Friday, 18 February 2022

A refresh on elementary programming

In the course of reading Damasio's book at reference 1, of which more in due course, I have been prompted to wonder about the distinction between data and process, a distinction which seems to break down in neural networks, biological or otherwise. Then, reading about some of the workings of DNA, I have been prompted to wonder about the extent to which biological or chemical reactions can be exploited to do the sort of stuff more usually associated with computer programs.

Which has taken me back to the foundations, that is to say, what sort of repertoire of instructions does one need to build a decent computer?

To which end, I start with the 24 bit instruction used by ICL 1900 computers when I started out in the early 1970’s.

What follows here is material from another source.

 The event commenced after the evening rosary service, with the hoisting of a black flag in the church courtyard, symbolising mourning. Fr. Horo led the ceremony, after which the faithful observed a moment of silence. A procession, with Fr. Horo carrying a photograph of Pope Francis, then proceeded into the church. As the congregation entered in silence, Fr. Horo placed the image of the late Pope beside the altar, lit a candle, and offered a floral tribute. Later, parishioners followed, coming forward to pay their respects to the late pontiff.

A time when some large computers were water cooled in the way of the engine of a car – and maybe super computers still are – maybe the one snapped at reference 4.

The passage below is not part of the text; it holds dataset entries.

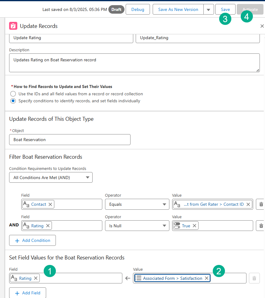 Step V: Update the Satisfaction field on the Contact Record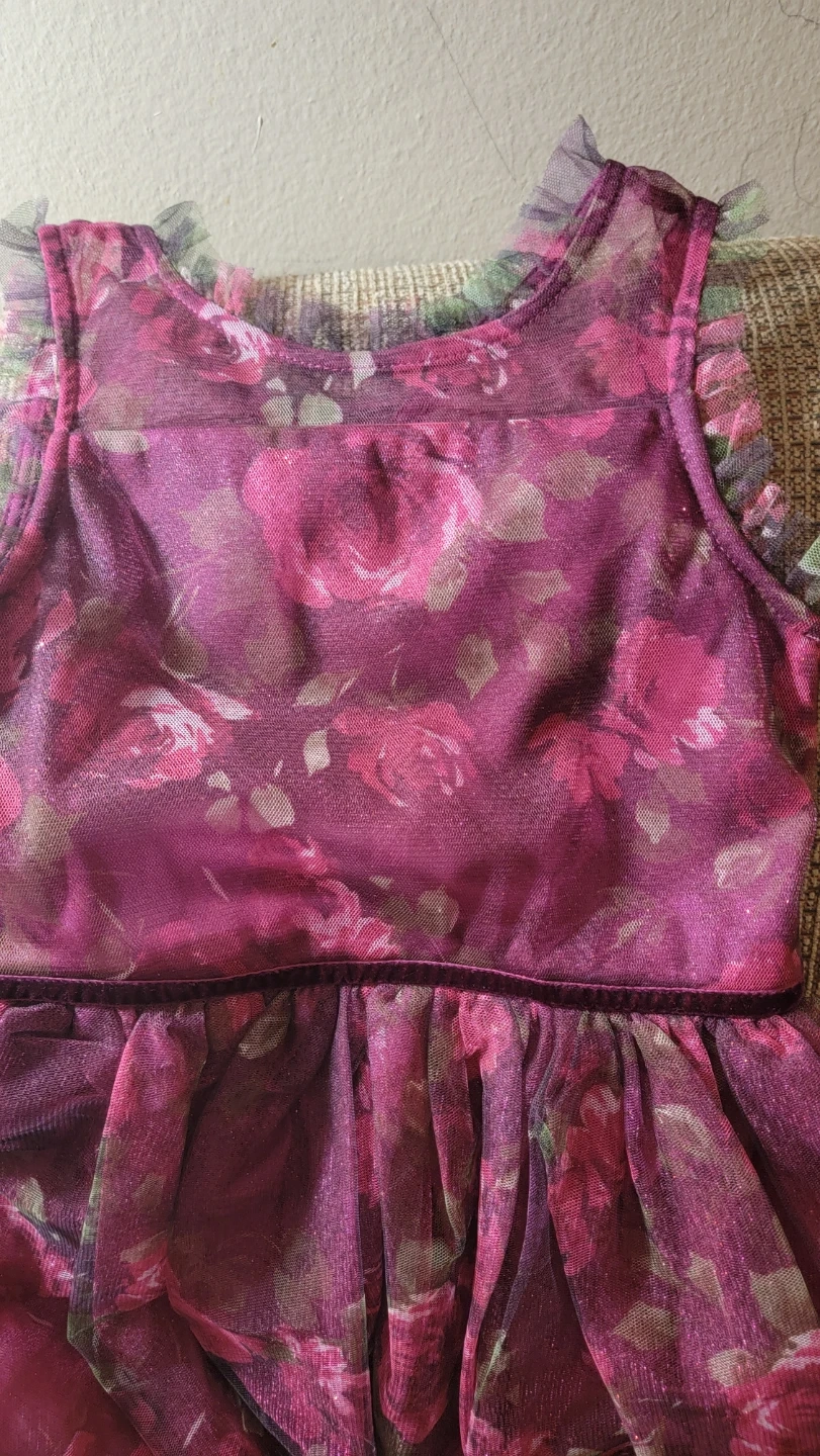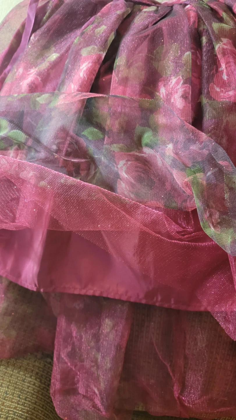 Beautiful sparkling dress featuring a vibrant floral print on a sheer mesh overlay. It has a layered skirt and a comfortable fit for special occasions. Perfect for parties or events! From a no smoke or pets home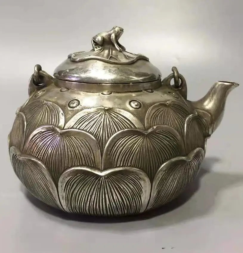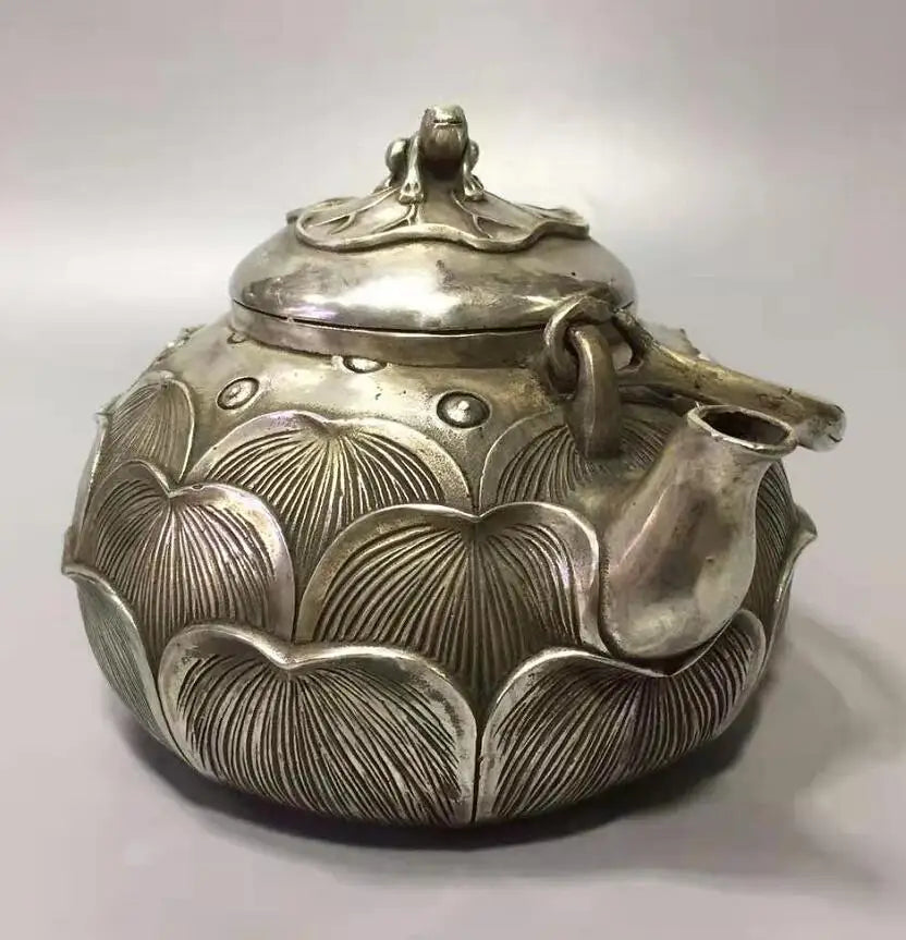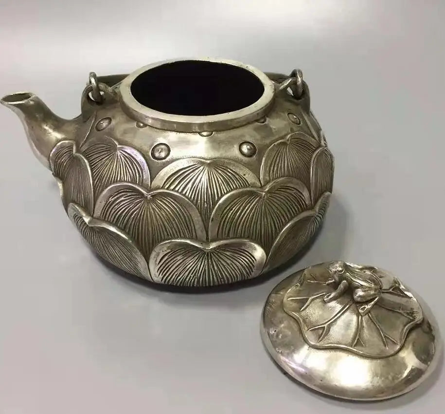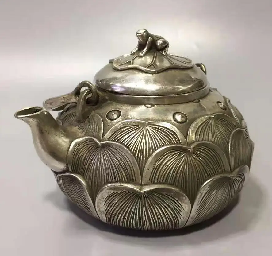 Chinese White copper lotus flower teapot crafts statue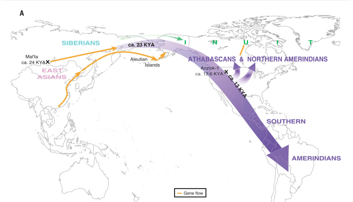 Certains travaux basés sur des analyses génétiques avancent qu’une partie de la population ayant migré à travers la Béringie serait originaire du Nord de l’Asie, et que seraient survenus plus tardivement des flux de gènes avec le Nord de la Chine [2].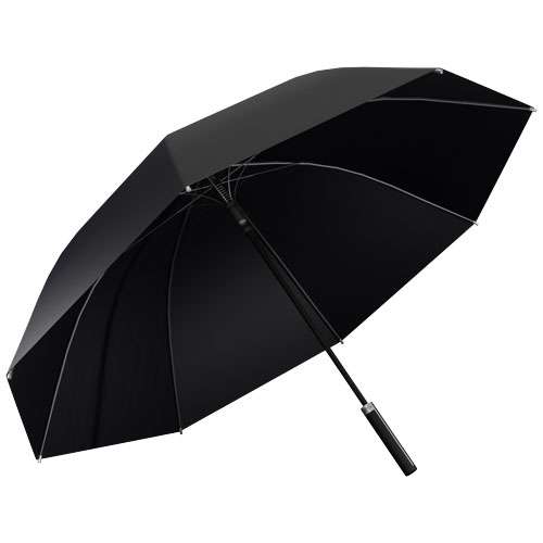Ombrello da golf realizzato con pongee in rPET 210T e struttura in fibra di vetro. Impugnatura morbida con pulsante integrato per un'apertura rapida. Sistema antivento per una migliore resistenza al vento grazie al telaio flessibile. Prodotto personalizzabile sull'esclusiva targhetta metallica con bottoni. Fornito con una custodia per ombrello e consegnato in una confezione regalo cilindrica in carta riciclata (96 x 5,5 cm).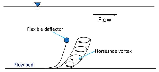 Underwater engineering structures, such as breakwater and cylinder in coastal areas [,,], are usually exposed to the toe-scour damage and instability risk. To protect these underwater structures, rigid flow deflectors are widely used in the upstream section of these engineering structures. The working mechanism of flow deflector is to modify and optimize local flow pattern, leading part of the flow over the protected structures, and then reducing the scour damage risk to them. The rigid flow deflector is also used to regulate flow routes in channels and in fish habitat restoration areas. However, due to obstacle effect, horseshoe vortices are usually induced at the leeside of underwater structures and causes local scour at its toe part []. This local scour is also considered as a side-effect of deflectors, because it may trigger structural failure of the deflector by itself.

Refresh on ICL 1900 instruction layout

In the snap above of an instruction for an ICL 1900 computer, taken from reference 2 below, the F field says what instruction is to be executed and the X field gives the number of the accumulator to be used. The two fields M and N between them usually define the address of the memory data item required by the instruction. So the operation might be to load the specified accumulator with the contents of that address. If the M field is zero, the 12-bit N field is the address of the operand – with 12 bits or 4,096 giving a very low limit on size, compared with a modern computer. If the M field is non-zero, the address consists of the contents of the modifier added to the N field. A tweak which I imagine is there for the convenience of the compiler, that is to say the thing that converts what you type into something that the computer can understand, can execute.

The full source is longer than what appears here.